WahanaNews-Kalteng | Di Taman Makam Pahlawan Sampurna Raga di Kampung Rawagede, Karawang, terdapat nisan yang bertulisan nama Tongwan.
Menurut cerita orang-orang tua di sana, Tong Wan adalah anak muda kelahiran Karawang pada 1928 yang dikenal sangat fanatik terhadap Republik.
Baca Juga:
Jelang HUT TNI ke 78, Panglima TNI Ziarah ke Makam Jenderal Soedirman
Menurut Telan (95) dan Kastal (96), sejak 1946 Tongwan telah banyak keluar masuk organisasi perlawanan melawan Belanda. Mulai laskar Barisan Banteng Republik Indonesia (BBRI) dan Hizbullah, sebelum akhirnya direkrut oleh TRI (Tentara Republik Indonesia).

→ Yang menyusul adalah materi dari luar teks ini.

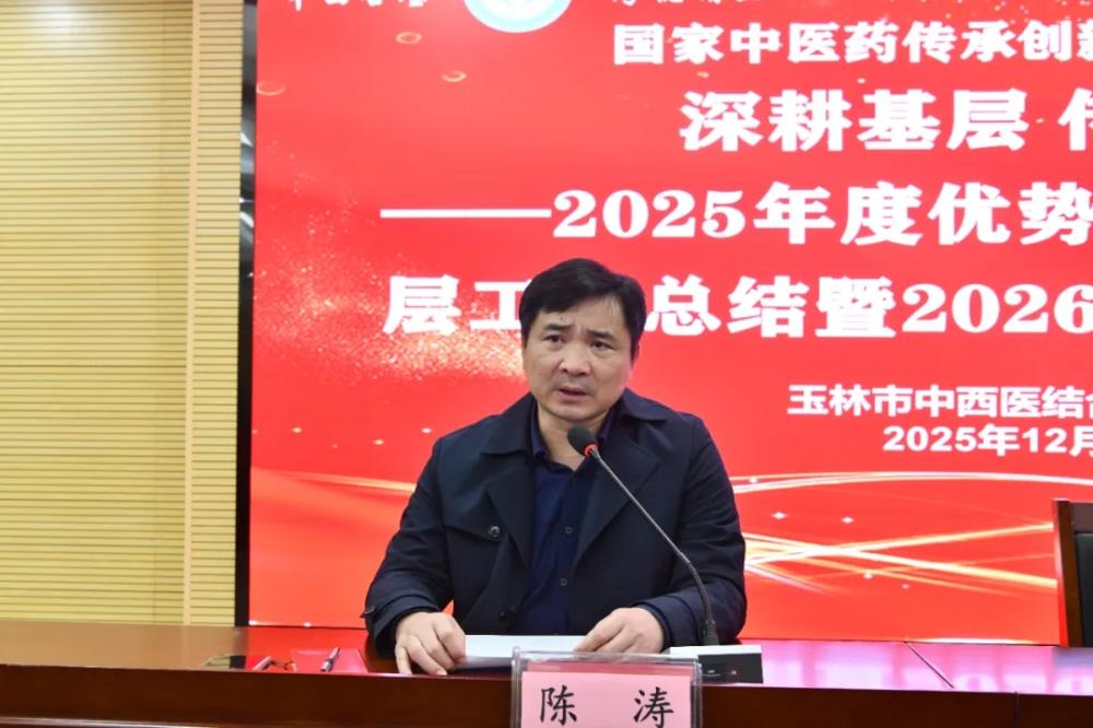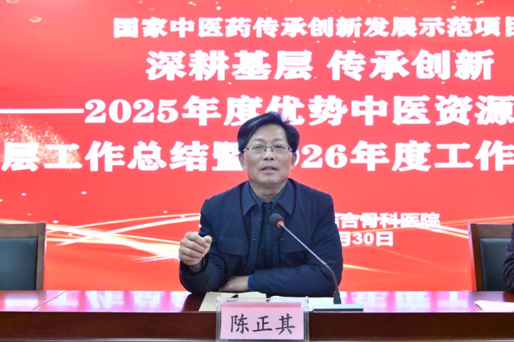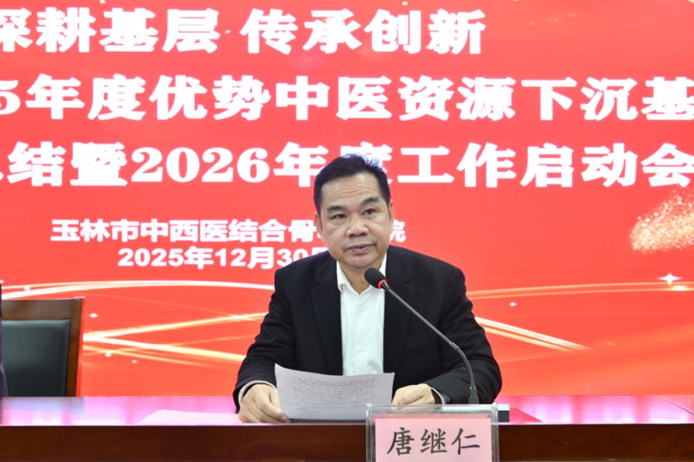 为深入贯彻国家“推动优质中医医疗资源下沉”的战略部署,扎实推进国家中医药传承创新发展示范项目建设,玉林市中西医结合骨科医院每年持续派出大量医务人员深入基层,助力基层中医药传承与发展。为系统总结年度工作成效,科学谋划下一年度重点任务,12月30日,医院以“深耕基层 传承创新”为主题,召开2025年度优势中医资源下沉基层工作总结暨2026年度工作启动会议。医院党委书记陈正其主持会议,院长唐继仁出席会议并讲话,副院长陈涛作年度工作报告,医务部对2026年工作做具体部署。

Pemuda Tong Wan lahir dan besar di kalangan keluarga Tionghoa kaya. Ayahnya adalah salah seorang pedagang kelontong paling sukses di Rawagede. Orang-orang menyebutnya sebagai Babah Engkim, pemasok kebutuhan sehari-hari para juragan beras dan kaum Indo Eropa.
Berbeda dengan bapaknya yang memilih untuk 'tutup mata' terhadap arus revolusi yang tengah mengalir deras saat itu, Tongwan memutuskan untuk memihak republik setegas-tegasnya.
Baca Juga:
Polisi Amankan Unras Solidaritas Rempang Galang di Makam Pahlawan
Artinya dia berlaku bukan sebagai mata-mata atau simpatisan semata, tapi langsung turun menjadi bidak revolusi di palagan-palagan sekitar Karawang. Telan mengenang Tongwan sebagai pemuda periang dan supel. Kepada siapapun dia selalu berusaha bersikap ramah.

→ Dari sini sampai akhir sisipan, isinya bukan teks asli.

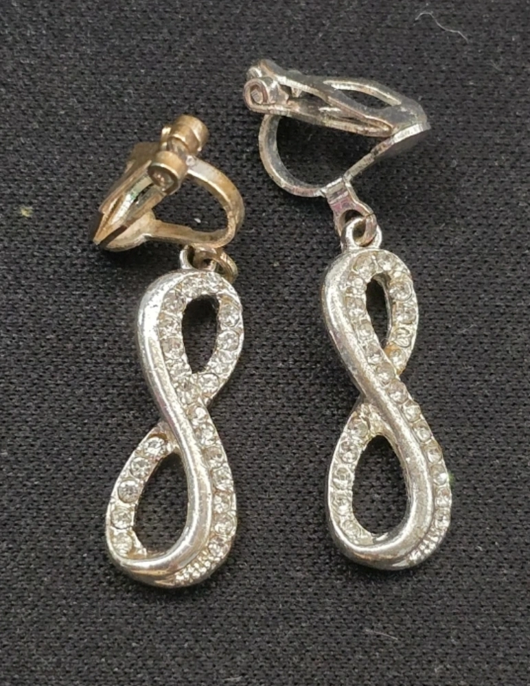 Pair of silver-toned dangling clip-on earrings. Infinity design. Features clear crystals. Elegant style. Price negotiable & open to trades. Delivery possible to most line 1 and line 2 stations.

"Berbeda dengan orang-orang China umumnya, dia bergaul dengan masyarakat," kata Telan, rekan Tong Wan di Hizbullah.
Desember 1947, dinihari militer Belanda menyerbu Rawagede. Kastal masih ingat bagaimana Tongwan yang bertubuh agak pendek namun kekar itu, keluar Markas TRI dengan tergopoh-gopoh.
Sembari mengokang karaben Jepangnya, dia berteriak kepada orang-orang kampung untuk secepatnya menyelamatkan diri masing-masing. Pada saat itulah, sebutir peluru menembus dadanya.

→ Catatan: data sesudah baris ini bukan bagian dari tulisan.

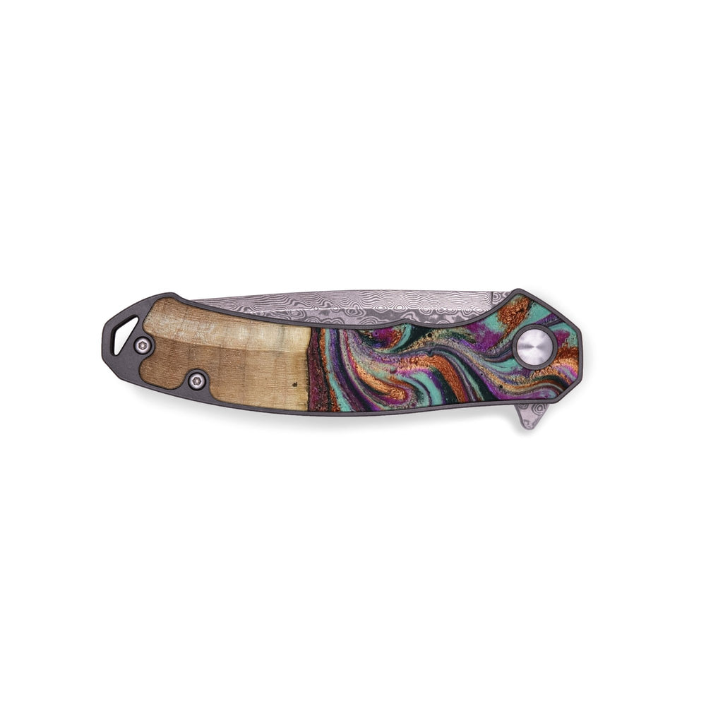 • Materials: Burl Wood, Resin, Damascus Stainless Steel

"Saya dengar, dia masih teriak 'merdeka'," kenang Kastal.
Tongwan tersungkur di pinggir sungai dengan lumuran darah memenuhi seluruh tubuhnya. Beberapa serdadu Belanda menendangnya sebelum melepaskan lagi tembakan penghabisan ke tubuh malang itu. Tongwan mengerejat sejenak, nyawanya lantas terbang meninggalkan raganya yang terkapar kaku.
Jasad Tong Wan sekarang dikebumikan di Taman Makam Pahlawan Sampurna Raga Rawagede. Nisan sederhana yang tertulis namanya, menjadi saksi bisu bahwa gerakan pembebasan bukan soal etnis, agama atau warna kulit melainkan keyakinan akan kemerdekaan yang diinginkan setiap manusia di mana pun berada.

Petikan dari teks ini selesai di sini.